Successful management of ischaemic symptoms in a patient with asymmetric septal hypertrophy: a grand round case report
Damirbek Osmonov, Azimbek Toktosunov, Aida Toktogulova, Dilrabo Kasymova, Unal Mustafa

TL;DR
A 30-year-old man with hypertrophic cardiomyopathy and chest pain was successfully treated with ethyl alcohol ablation, reducing his symptoms and improving his condition.
Contribution
The case demonstrates the effectiveness of ethyl alcohol ablation in managing ischaemic symptoms in a patient with asymmetric septal hypertrophy.
Findings
Ethyl alcohol ablation reduced left ventricular outflow tract obstruction in the patient.
The procedure provided significant symptom relief for a patient with long-standing HCM-related chest pain.

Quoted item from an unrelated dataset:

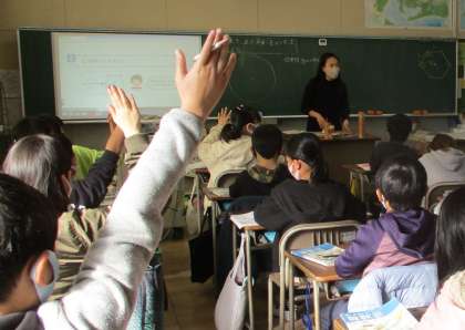 指名された子が、前でかき方を説明しました。

The case supports individualized treatment approaches for HCM patients with ischaemic symptoms.
Abstract
Hypertrophic cardiomyopathy (HCM) is a genetic heart disease that can lead to heart failure, atrial fibrillation, and ischaemic symptoms. Managing patients with HCM and ischaemic symptoms is challenging, and several treatment options have been proposed. A 30-year-old male patient presented with severe chest pain that had been ongoing for more than 30 min at rest. He was diagnosed with HCM and had periodic chest pain since the age of 14. He underwent two separate ethyl alcohol ablations of the first septal branches of the left anterior descending and posterior descending arteries, which relieved his symptoms. This case report highlights the challenges in managing patients with HCM and ischaemic symptoms. In this patient, the use of ethyl alcohol ablation was effective in reducing left ventricular outflow tract obstruction and improving symptoms. Ethyl alcohol ablation is a minimally…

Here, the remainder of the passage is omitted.